■ **Brief**
Set the listing down again exactly, please, apart from its pictures.

══ Material provided ══

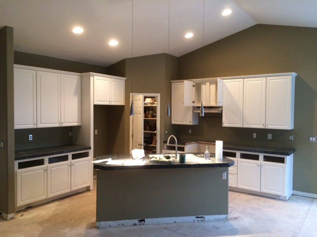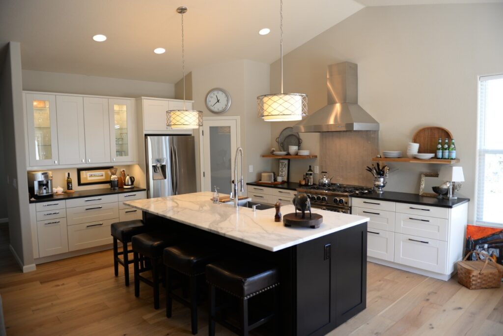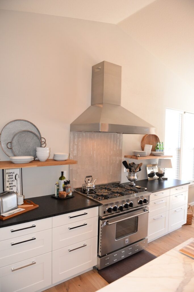 This custom IKEA kitchen remodel features hardwood flooring, solid butcherblock floating shelves, and laminate Shaker Shallow Dendra Doors fronts on an IKEA Sektion cabinet boxes. Veneer Floating Shelves by Dendra Doors.
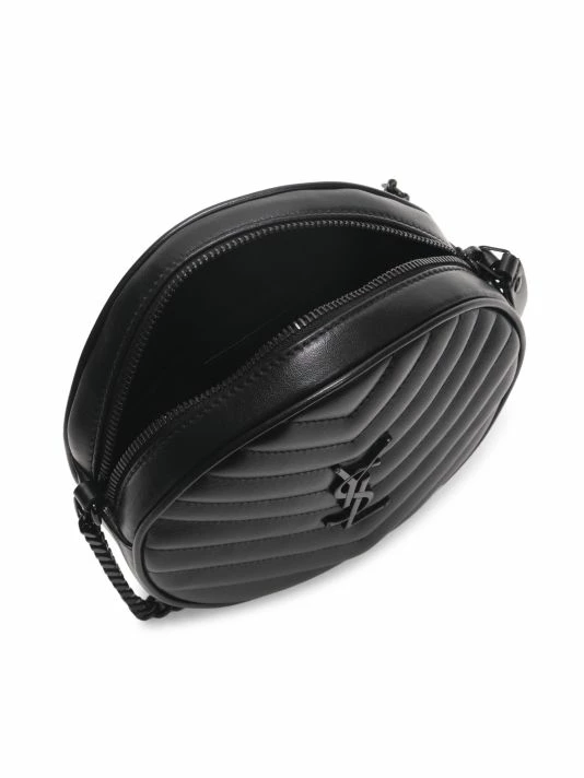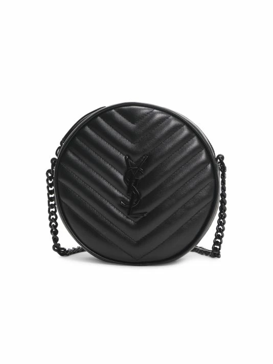 Dramatic matelassé bag styled in the round, with tonal monogram and curb chain strap.
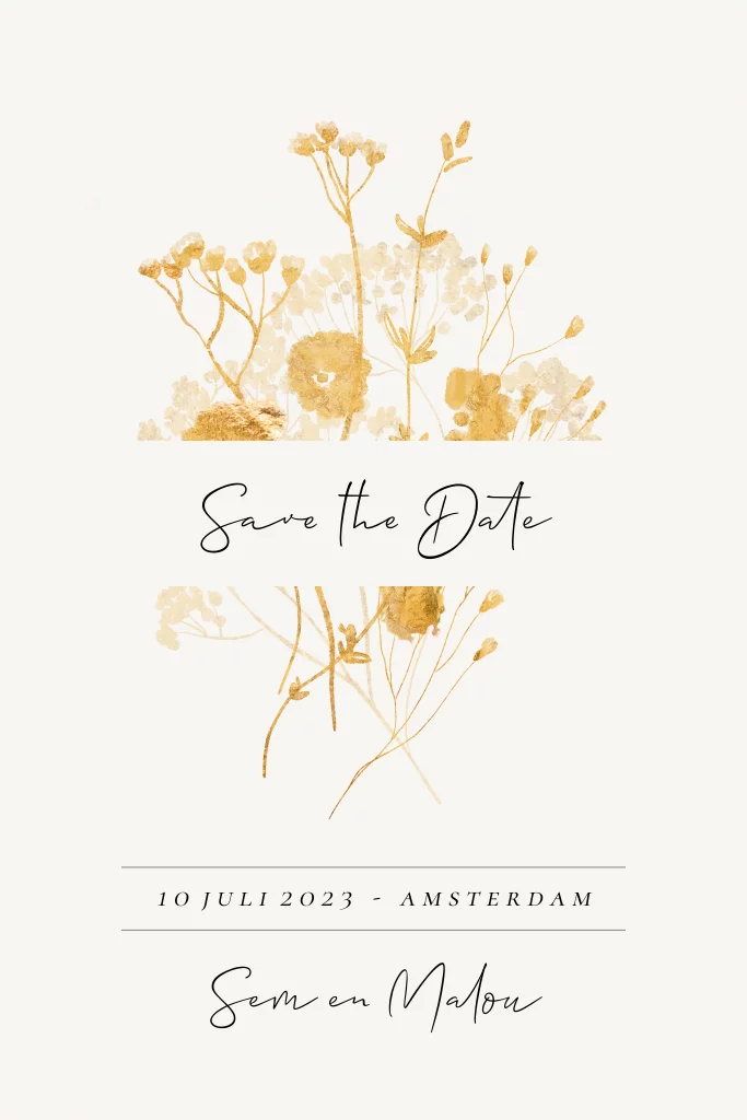 Save the Date geelgouden bloemen

═══

■ **Output for this task**
 This custom IKEA kitchen remodel features hardwood flooring, solid butcherblock floating shelves, and laminate Shaker Shallow Dendra Doors fronts on an IKEA Sektion cabinet boxes. Veneer Floating Shelves by Dendra Doors.
 Dramatic matelassé bag styled in the round, with tonal monogram and curb chain strap.
 Save the Date geelgouden bloemen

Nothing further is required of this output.